- [The problem] Copy exactly the lines of the material below that fall between the line with "korianderzaad: heeft een" and the line with "user1: phone number", both of those lines included; pictures stay out.

- [Records for processing]
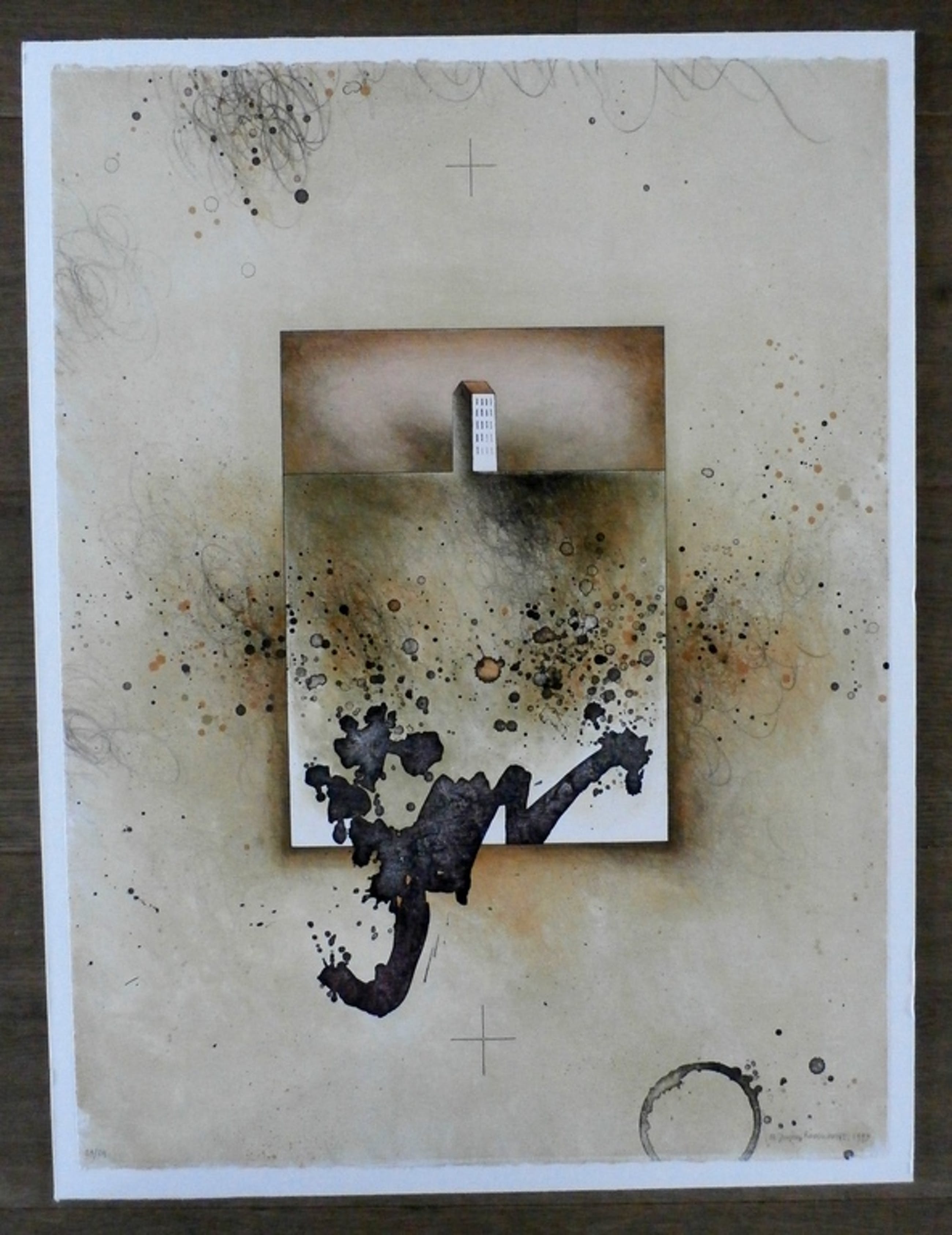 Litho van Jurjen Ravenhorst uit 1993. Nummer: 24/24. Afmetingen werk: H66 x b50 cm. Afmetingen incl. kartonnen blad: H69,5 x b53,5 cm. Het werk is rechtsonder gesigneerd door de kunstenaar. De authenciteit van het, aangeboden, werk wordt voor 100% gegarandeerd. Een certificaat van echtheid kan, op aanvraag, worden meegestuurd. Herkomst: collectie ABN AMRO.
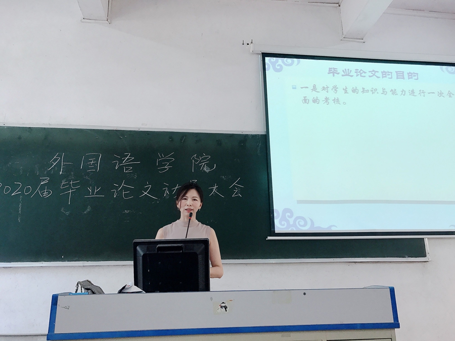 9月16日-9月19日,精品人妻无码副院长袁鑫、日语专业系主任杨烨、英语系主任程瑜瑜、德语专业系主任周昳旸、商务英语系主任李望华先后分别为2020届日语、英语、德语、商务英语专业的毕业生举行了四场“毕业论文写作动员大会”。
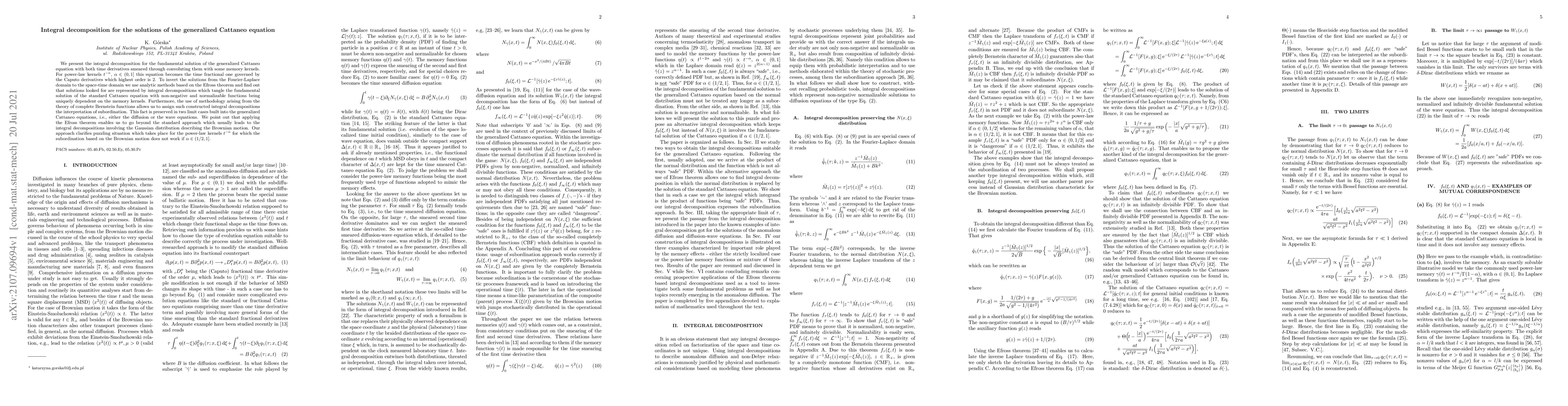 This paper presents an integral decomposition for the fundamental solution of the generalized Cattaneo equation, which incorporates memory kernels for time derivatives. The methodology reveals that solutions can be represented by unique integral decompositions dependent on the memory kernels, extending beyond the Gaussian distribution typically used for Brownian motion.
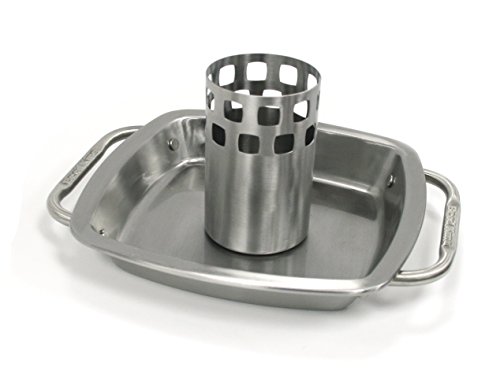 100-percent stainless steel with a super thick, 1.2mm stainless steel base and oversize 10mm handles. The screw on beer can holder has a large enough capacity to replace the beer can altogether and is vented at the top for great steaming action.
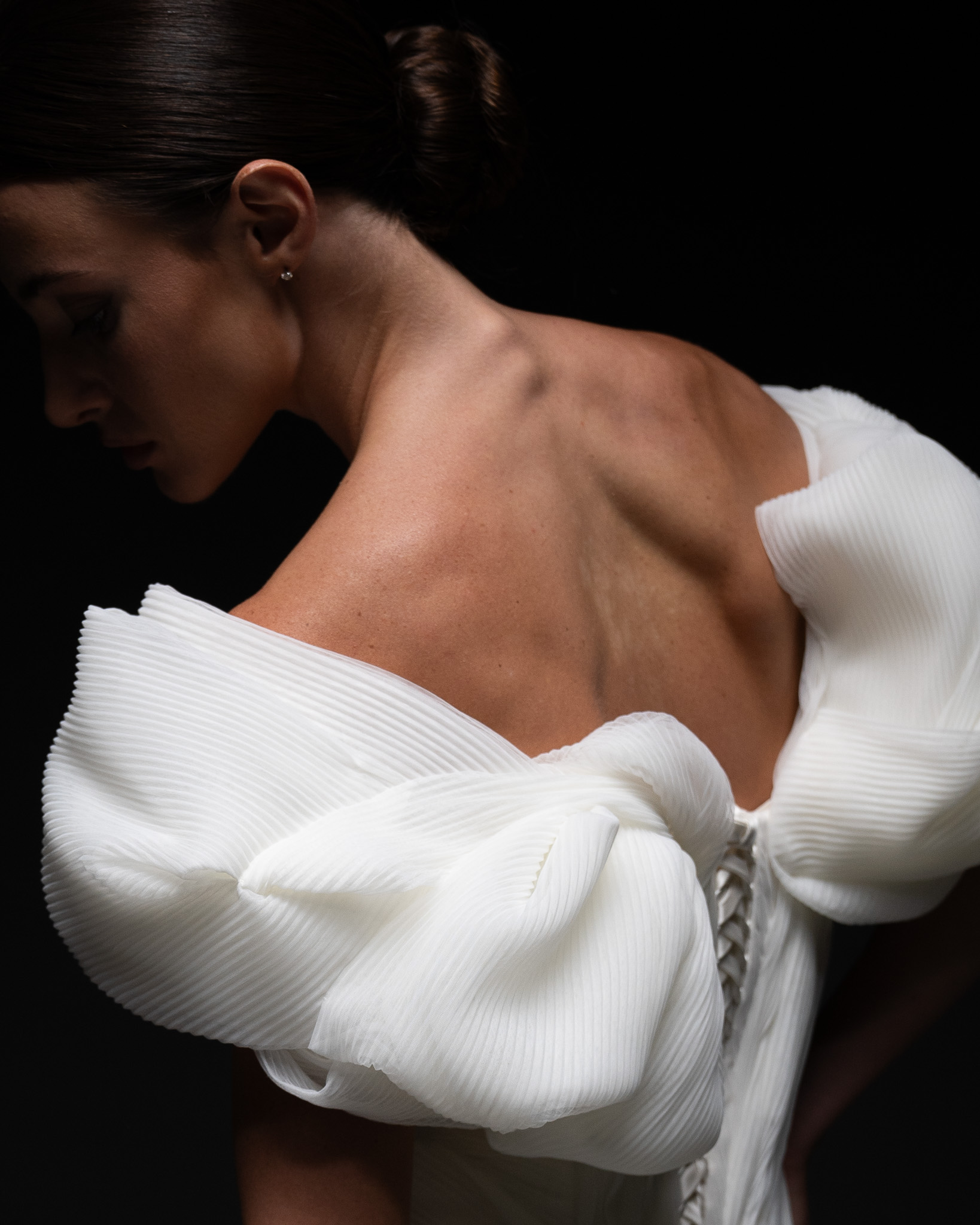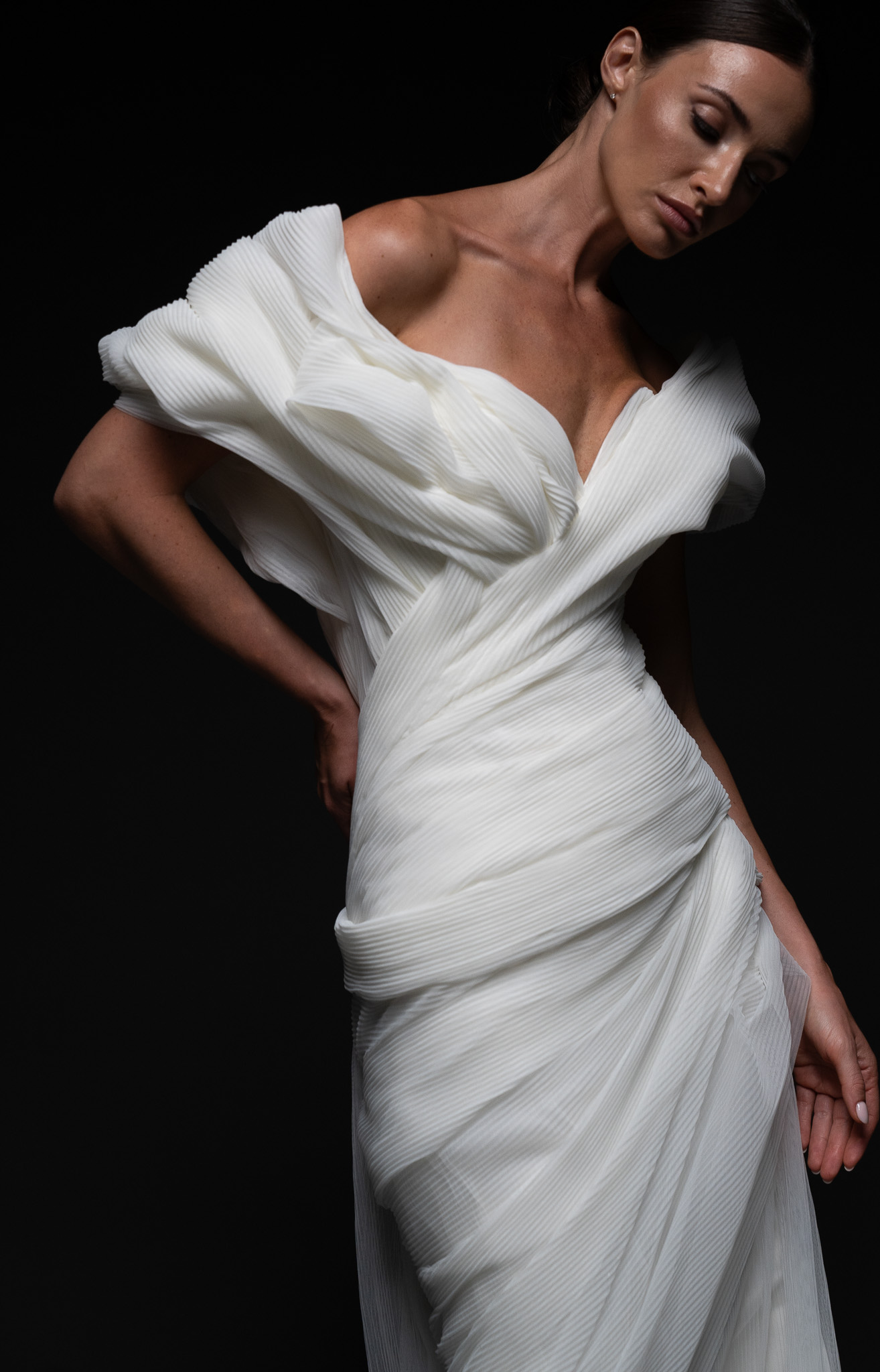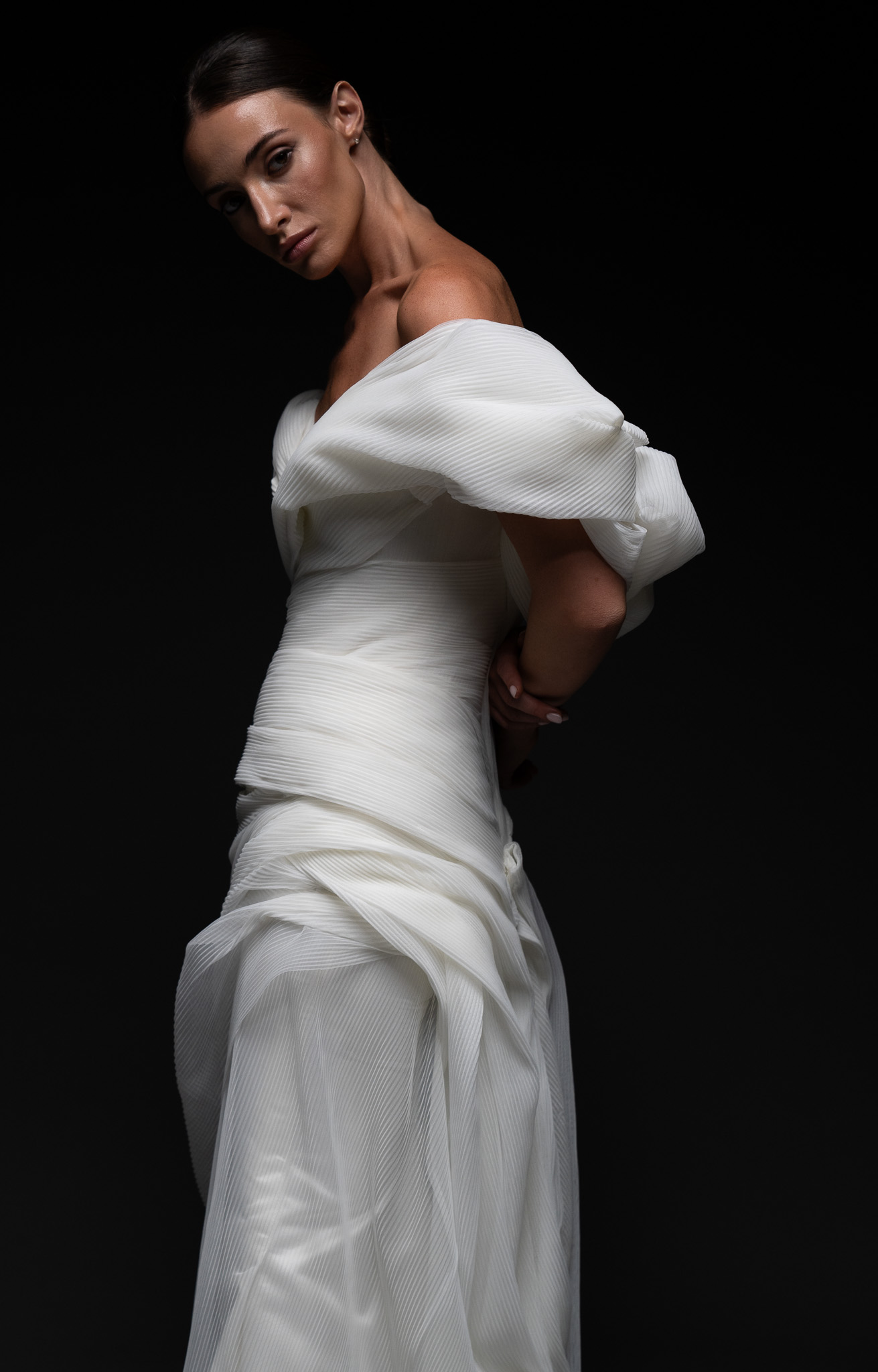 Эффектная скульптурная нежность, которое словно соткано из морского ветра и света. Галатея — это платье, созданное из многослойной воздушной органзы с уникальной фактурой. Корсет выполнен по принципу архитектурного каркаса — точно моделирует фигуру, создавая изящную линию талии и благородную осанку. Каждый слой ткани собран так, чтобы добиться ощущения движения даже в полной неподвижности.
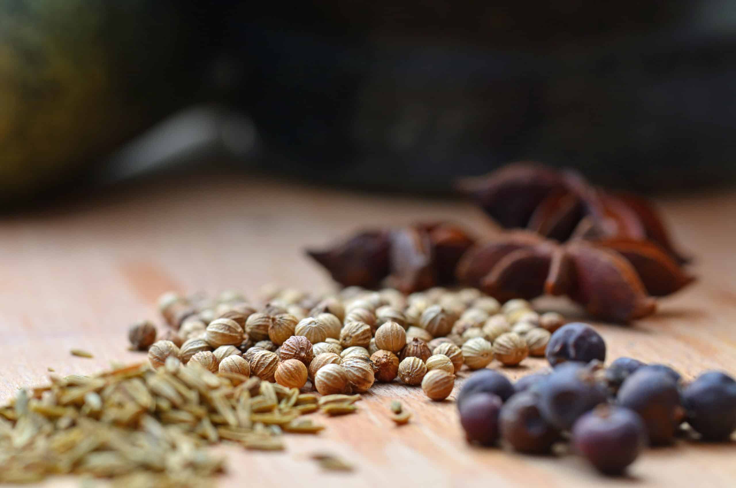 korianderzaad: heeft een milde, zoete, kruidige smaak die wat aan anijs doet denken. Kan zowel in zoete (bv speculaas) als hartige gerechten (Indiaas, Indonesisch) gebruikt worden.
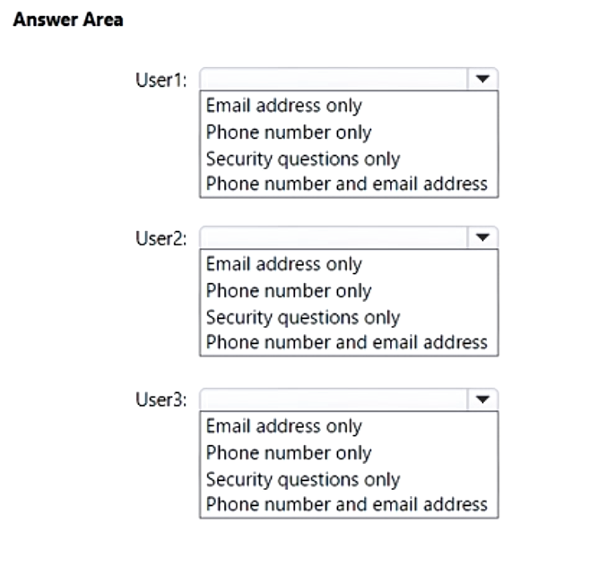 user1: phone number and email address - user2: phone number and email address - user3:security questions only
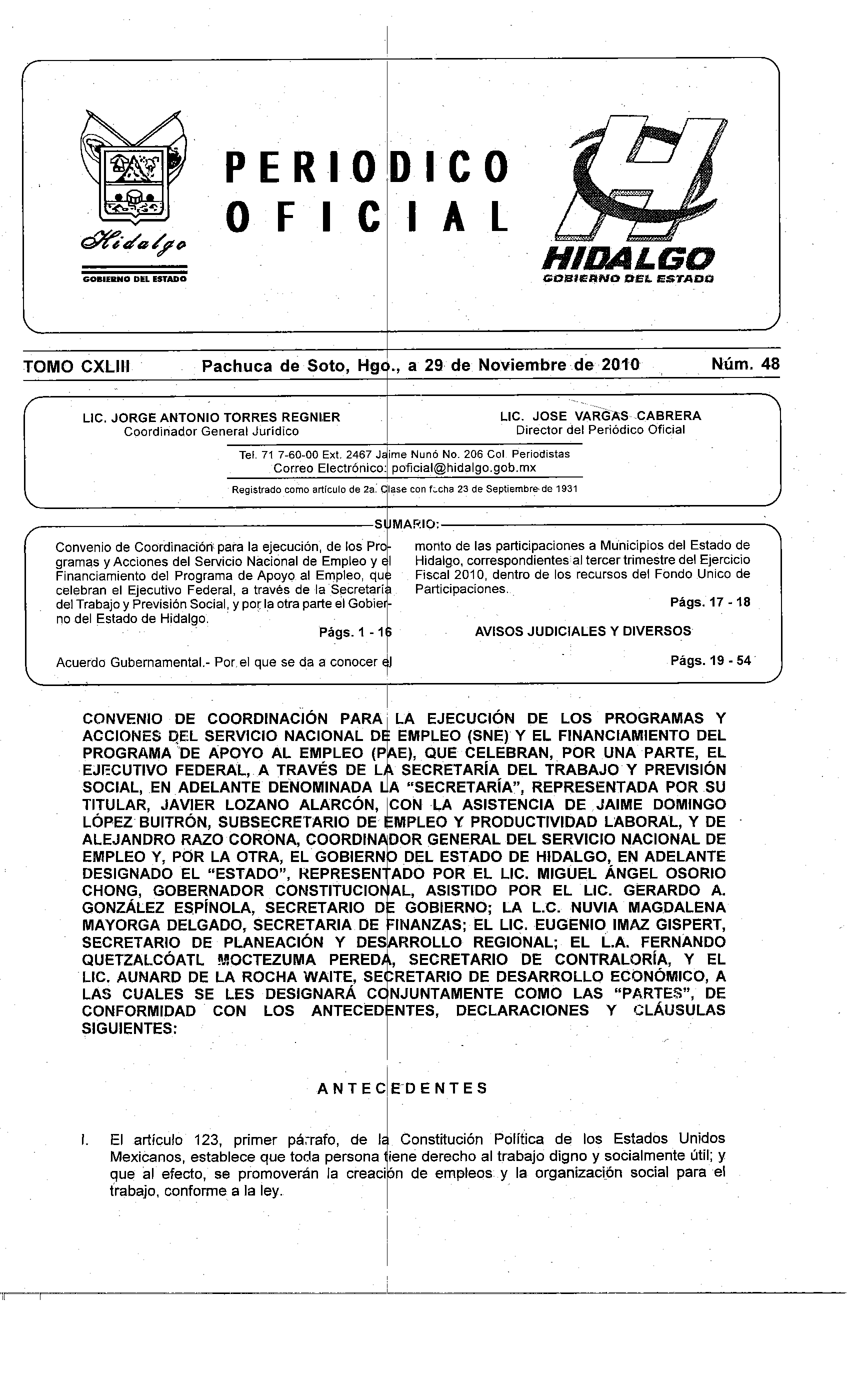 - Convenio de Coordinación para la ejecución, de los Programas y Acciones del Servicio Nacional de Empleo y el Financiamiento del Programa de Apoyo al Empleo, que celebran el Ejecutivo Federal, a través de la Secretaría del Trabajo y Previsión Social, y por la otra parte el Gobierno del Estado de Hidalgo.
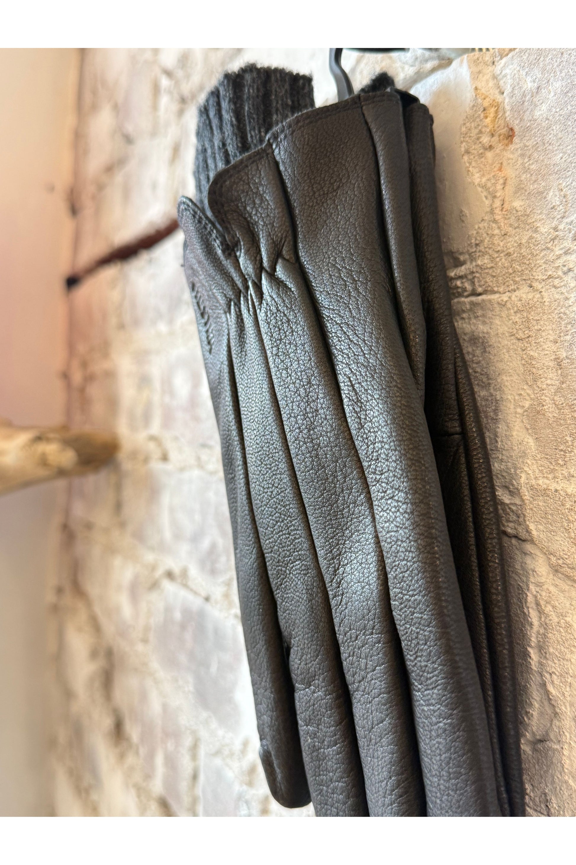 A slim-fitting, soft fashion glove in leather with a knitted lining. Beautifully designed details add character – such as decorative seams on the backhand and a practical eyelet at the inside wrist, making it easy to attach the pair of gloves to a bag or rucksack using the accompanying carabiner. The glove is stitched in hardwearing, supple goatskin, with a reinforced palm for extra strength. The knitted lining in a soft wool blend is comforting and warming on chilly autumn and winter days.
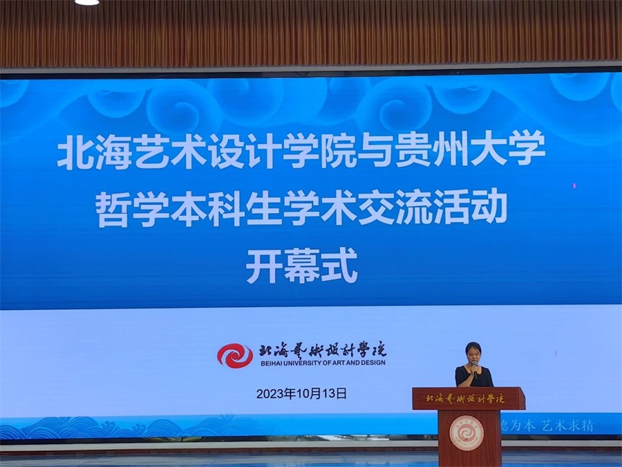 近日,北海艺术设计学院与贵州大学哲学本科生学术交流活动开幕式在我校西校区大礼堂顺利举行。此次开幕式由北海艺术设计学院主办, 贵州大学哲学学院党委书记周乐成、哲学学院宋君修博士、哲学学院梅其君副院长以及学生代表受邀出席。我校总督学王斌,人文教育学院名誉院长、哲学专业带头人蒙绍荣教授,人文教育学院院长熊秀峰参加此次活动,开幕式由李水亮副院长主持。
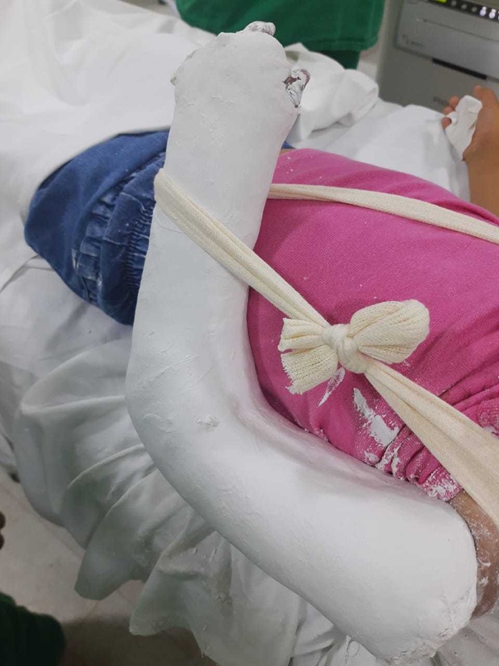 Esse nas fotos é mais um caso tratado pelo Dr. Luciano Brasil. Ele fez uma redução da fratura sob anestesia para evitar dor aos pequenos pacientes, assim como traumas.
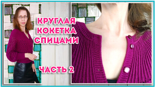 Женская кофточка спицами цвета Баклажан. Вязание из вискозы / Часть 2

- [Output]
 korianderzaad: heeft een milde, zoete, kruidige smaak die wat aan anijs doet denken. Kan zowel in zoete (bv speculaas) als hartige gerechten (Indiaas, Indonesisch) gebruikt worden.
 user1: phone number and email address - user2: phone number and email address - user3:security questions only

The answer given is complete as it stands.